Auto insurance laws and enforcement vary from state to state but insurance coverage liability for injuries and property damage done to others is mandatory in most states. For example, in the New Hampshire, it is not compulsory for motorists to carry liability insurance. Meanwhile, for Virginia residents it is compulsory to pay the $500 annual fee per vehicle if they opt not to purchase liability insurance. Penalties for refusing to avoid purchasing car insurance vary by state, but are accompanied by significant fines, registration and/or license suspension or revocation, as well as potential jail time.
It is important that you obtain the proper coverage to safeguard yourself, your family, your finances, and any business. Car insurance is vital in protecting you and your family against personal financial loss in case of an accident. When you buy an automobile insurance policy, it is a legal contract between you and the insurance company. Basically, you agree to provide the auto insurance company a premium and in return, the company covers your losses as outlined in your insurance policy.

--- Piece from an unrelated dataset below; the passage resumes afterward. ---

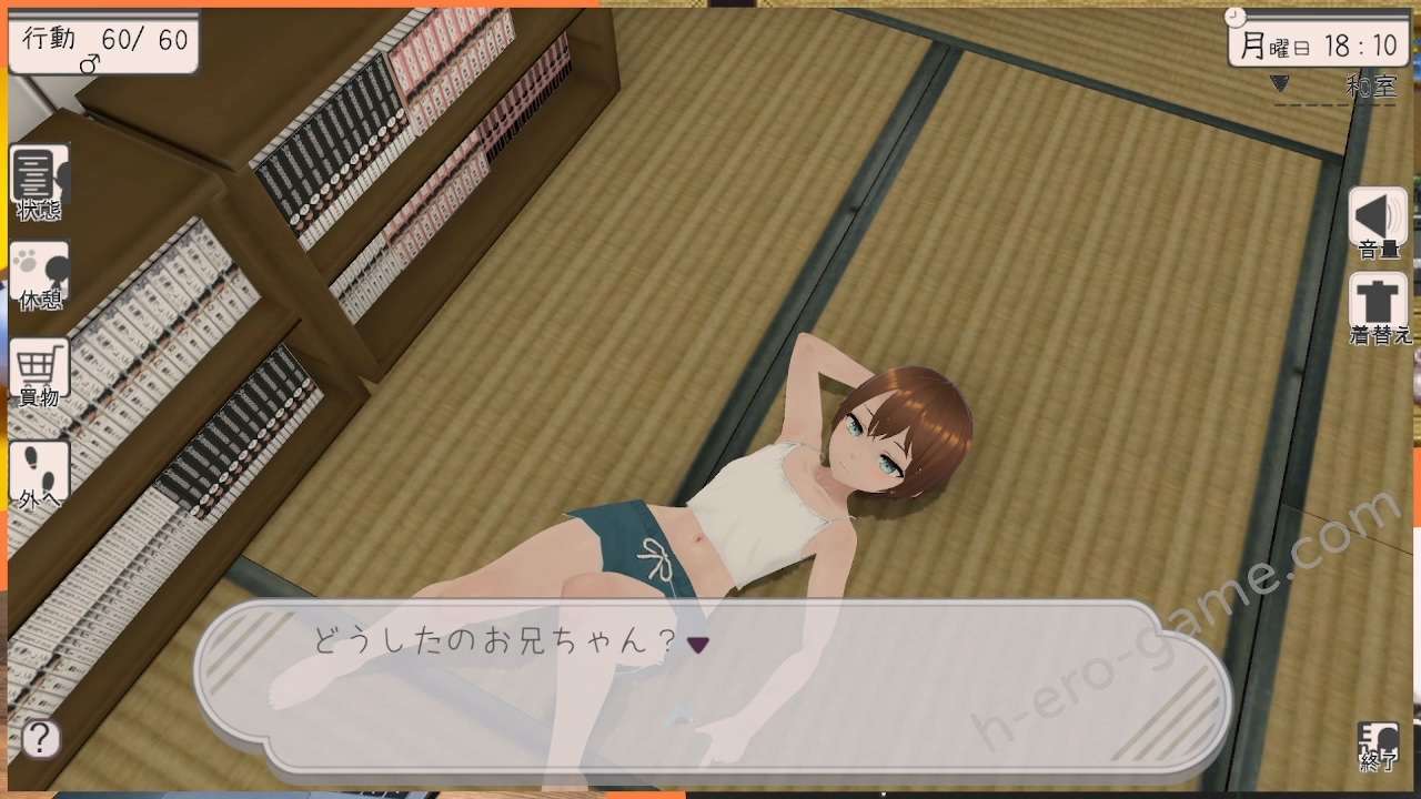 最後,哥哥也有H值,顯示在行動值下的♂符號旁。在打工、打掃、休息等單人的行動後增加,累積到滿之後會在客廳中出現事件符號,點擊了就會發生哥哥壓抑不住性慾的事件。

Vehicle insurance includes property, liability, and medical coverage:
Property coverage of damage or theft to your automobile.
Liability coverage of your obligations under the law to others for bodily injury or property damage.
Medical coverage of treating injury costs, subsequent rehabilitation; may provide coverage for lost wages and funeral expenses.
Mainly, car insurance policies are for six months to twelve months. The car insurance company notifies you automatically via email or post when the policy is up for renewal.
An auto insurance policy is composed of predominately six kinds of coverage. The following are the six basic forms of coverage:
- Bodily Injury Liability
This insurance coverage refers to your injuries, the designated driver, the policyholder, and any injuries caused to others involved in the vehicle accident. The coverage protects you and your family as listed on the policy as well when driving another’s car with their permission.
You may want to evaluate having more than the mandatory state minimum, in case of a severe accident. Protect your long-term financial circumstances and not expend your home and life savings to pay off a lawsuit borne out of an accident.
- Personal Injury Protection
Medical coverage pays for injury treatment of the driver and passengers of the policyholder’s car. It may cover certain additional lost wages, medical costs, and funeral expenses.
- Property Damage Coverage
It offers protection for damage that you or an authorized vehicle driver causes to another’s property. Normally, it includes damage to the other’s car, but may consist of damage to other property such as, lamp posts, telephone poles, buildings, fences, or any other structures your car hits.
- Collision Coverage
This covers damage to your vehicle as a consequence of a collision with another vehicle, or structure and flipping over. The coverage also offers protections against damage caused by potholes. Once you pay your initial deductible, the car insurance company pays the remaining cost of the damage, even if you are at fault.
The main thing to remember is that the higher your deductible, the lower your premium.
- Comprehensive Coverage
This coverage provides for reimbursement for loss due to theft or damage caused by anything other than a collision with another vehicle or structure, such as an explosion, falling objects, earthquake, fire, riot, missiles, windstorm, vandalism, flood, hail, or contact with animals.
Additionally, damage to your shattered or cracked windshield is covered.
- Underinsured Motorist Coverage
This provides for coverage in case you, a family member, or a designated driver is hit by a hit-and-run or uninsured driver.
Coverage is also provided in case the at-fault driver’s auto insurance is insufficient to pay for your complete loss. Furthermore, the insurance coverage protects you in case you are hit by a vehicle as a pedestrian.